C. Conclusions du comité
C. Conclusions du comité- 23. Le comité note ces informations. Le gouvernement a déjà déclaré précédemment que le processus de régularisation dans le domaine syndical devait être analysé dans le cadre plus large de la normalisation politique et institutionnelle du pays. Le comité avait souligné à cet égards que, si le respect de la liberté syndicale est étroitement lié - comme l'a déclaré en 1970 la Conférence internationale du Travail dans la résolution concernant les droits syndicaux et leurs relations avec les libertés civiles - au respect des libertés publiques en général, il importe sous cette réserve de distinguer la reconnaissance de la liberté syndicale de questions concernant l'évolution politique d'un pays. Le comité continue à penser que la législation des syndicats et la réforme des institutions politiques du pays sont deux choses distinctes. Il estime urgent que les syndicats se voient accorder la possibilité de mener, en droit comme en fait, leurs activités sans entraves; cela est la condition nécessaire à l'établissement d'un système harmonieux de relations professionnelles. Dans cette voie, l'adoption d'une loi sur les associations professionnelles devrait constituer une étape décisive. Il veut croire que celle-ci entrera en vigueur dans un très proche futur.

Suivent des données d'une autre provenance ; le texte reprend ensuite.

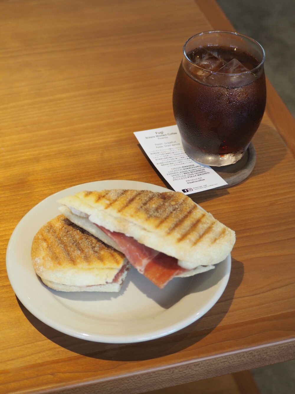 飲んだのはルワンダ産の豆を使ったコーヒーで、フルーティーで爽やかな味わいです。濃厚なチーズとハムを挟んだパニーニとの相性もよくて、朝からなんだかリッチな気分に。

- 24. Le comité a examiné les dispositions de l'avant-projet de loi sur les associations professionnelles dont le gouvernement lui avait communiqué une copie peu avant la session de novembre 1978. Ce document contient, le comité a déjà eu l'occasion de le relever, des aspects positifs, comme le droit des associations professionnelles de se constituer sans autorisation préalable et de former des organisations de deuxième et de troisième degré. Le comité estime cependant nécessaire, au sujet de plusieurs autres dispositions qui ne semblent pas en pleine conformité avec certains principes de la liberté syndicale, de formuler des commentaires pour que ces dispositions puissent être réexaminées et que la législation devant être adoptée prochainement soit conforme à ces principes et aux conventions sur la liberté syndicale ratifiées par l'Uruguay.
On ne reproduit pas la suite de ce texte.